Edexcel IAL - Further Pure Mathematics 3- 3.2 Differentiation of Inverse Trigonometric and Hyperbolic Functions- Study notes - New syllabus
Edexcel IAL – Further Pure Mathematics 3- 3.2 Differentiation of Inverse Trigonometric and Hyperbolic Functions -Study notes- New syllabus
Edexcel IAL – Further Pure Mathematics 3- 3.2 Differentiation of Inverse Trigonometric and Hyperbolic Functions -Study notes -Edexcel A level Maths- per latest Syllabus.
Key Concepts:
- 3.2 Differentiation of Inverse Trigonometric and Hyperbolic Functions
Differentiation of Inverse Functions
Inverse functions arise frequently in calculus, particularly inverse trigonometric and inverse hyperbolic functions. Differentiation usually involves the chain rule and careful algebraic simplification.

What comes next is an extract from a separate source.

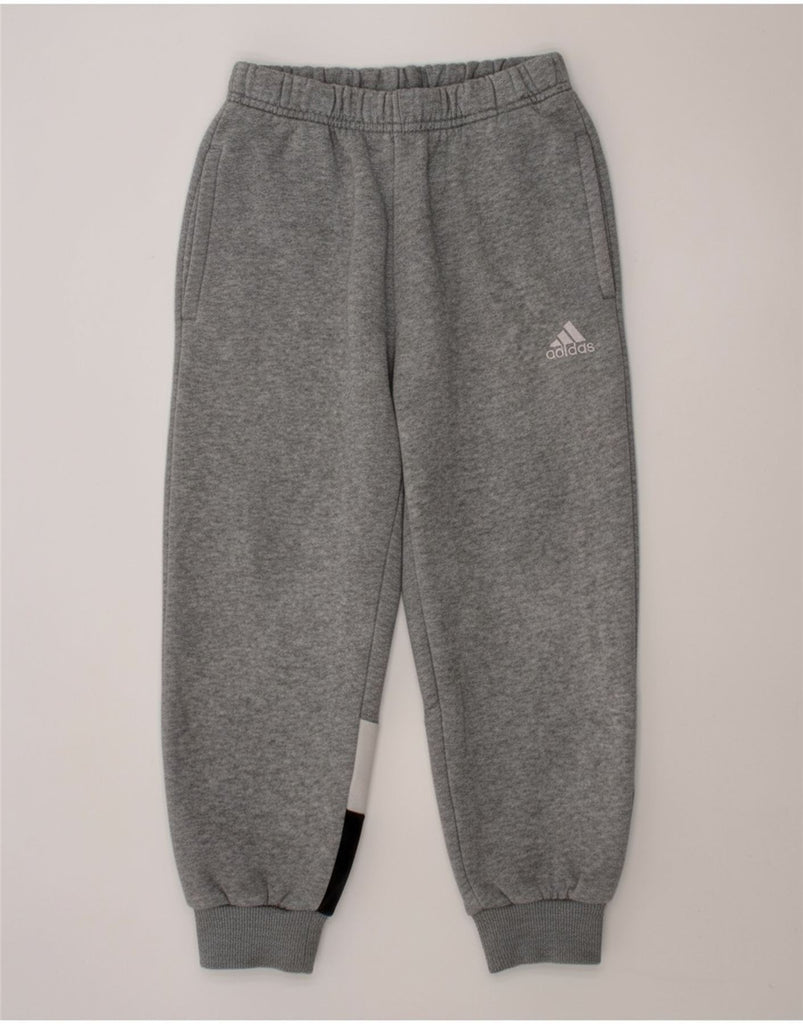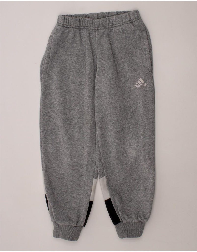 ADIDAS Boys Tracksuit Trousers Joggers 5-6 Years Grey Colourblock Cotton

Key Derivatives of Inverse Trigonometric Functions
| Function | Derivative |
|---|---|
| \( \arcsin x \) | \( \dfrac{1}{\sqrt{1-x^2}} \) |
| \( \arccos x \) | \( -\dfrac{1}{\sqrt{1-x^2}} \) |
| \( \arctan x \) | \( \dfrac{1}{1+x^2} \) |
Key Derivatives of Inverse Hyperbolic Functions
| Function | Derivative |
|---|---|
| \( \operatorname{arsinh} x \) | \( \dfrac{1}{\sqrt{1+x^2}} \) |
| \( \operatorname{arcosh} x \) | \( \dfrac{1}{\sqrt{x^2-1}} \) |
| \( \operatorname{artanh} x \) | \( \dfrac{1}{1-x^2} \) |
Important Technique
When differentiating expressions involving inverse functions:
- Apply the chain rule if the argument is not simply \( x \)

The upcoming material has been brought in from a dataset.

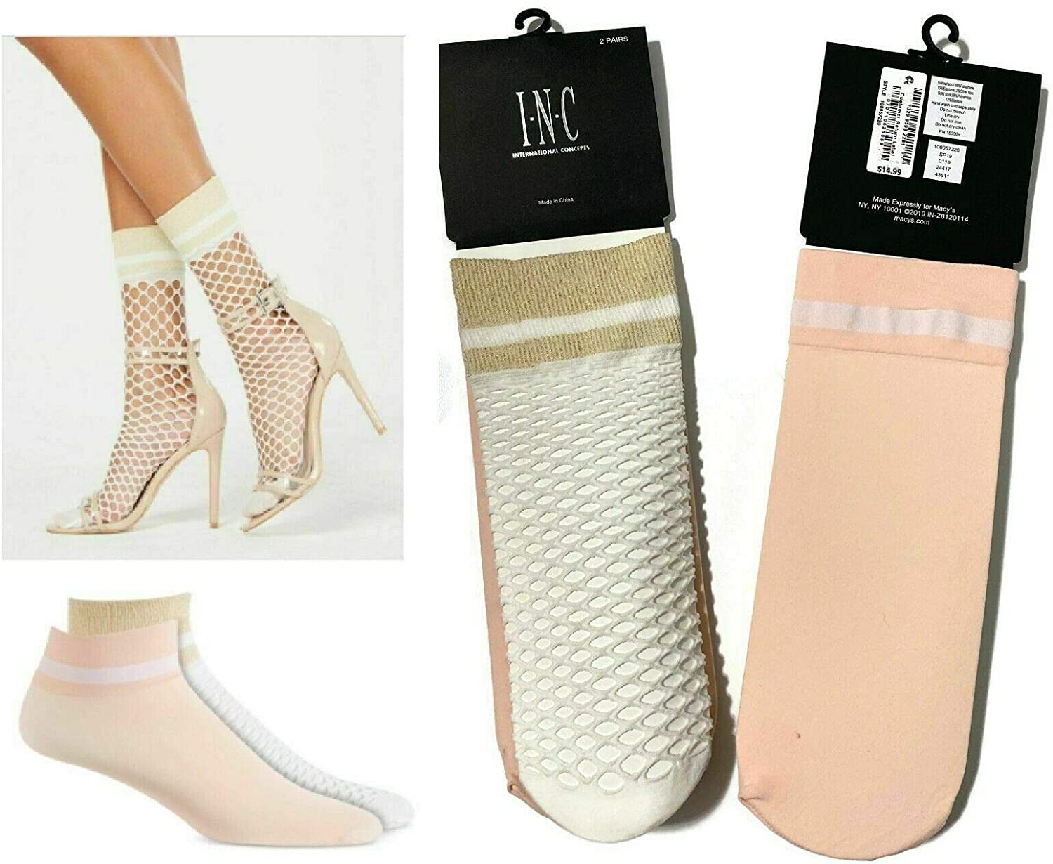 The I.N.C International Concepts two-piece ankle socks set is a show stopper merging Lurex® metallic fabric at the cuff with playful fishnet as well as a more subtle sheer texture for a fine finish.

- Use the product rule where necessary
- Simplify square roots carefully
Example :
Differentiate
\( y = \arcsin x + x\sqrt{1-x^2} \).
▶️ Answer/Explanation
Differentiate each term separately.
First term:
\( \dfrac{d}{dx}(\arcsin x) = \dfrac{1}{\sqrt{1-x^2}} \)
Second term uses the product rule:
\( \dfrac{d}{dx}\!\left(x\sqrt{1-x^2}\right) = \sqrt{1-x^2} + x\!\left(-\dfrac{x}{\sqrt{1-x^2}}\right) \)
\( = \dfrac{1-2x^2}{\sqrt{1-x^2}} \)
Adding results:
\( \dfrac{dy}{dx} = \dfrac{1}{\sqrt{1-x^2}} + \dfrac{1-2x^2}{\sqrt{1-x^2}} \)
\( = 2\sqrt{1-x^2} \)
Conclusion: \( \dfrac{dy}{dx} = 2\sqrt{1-x^2} \).
Example :
Differentiate
\( y = \dfrac{1}{2}\operatorname{artanh}(x^2) \).
▶️ Answer/Explanation
Using the chain rule:
\( \dfrac{d}{dx}[\operatorname{artanh}(x^2)] = \dfrac{1}{1-x^4}\cdot 2x \)
Including the constant factor:
\( \dfrac{dy}{dx} = \dfrac{1}{2}\cdot \dfrac{2x}{1-x^4} = \dfrac{x}{1-x^4} \)
Conclusion: \( \dfrac{dy}{dx} = \dfrac{x}{1-x^4} \).
Example :
Differentiate
\( y = x\,\operatorname{arsinh} x \).
▶️ Answer/Explanation
Use the product rule.
Let
\( u = x,\quad v = \operatorname{arsinh} x \)
Then
\( \dfrac{du}{dx} = 1 \)
\( \dfrac{dv}{dx} = \dfrac{1}{\sqrt{1+x^2}} \)
Applying the product rule:
\( \dfrac{dy}{dx} = \operatorname{arsinh} x + \dfrac{x}{\sqrt{1+x^2}} \)
Conclusion: The derivative is \( \operatorname{arsinh} x + \dfrac{x}{\sqrt{1+x^2}} \).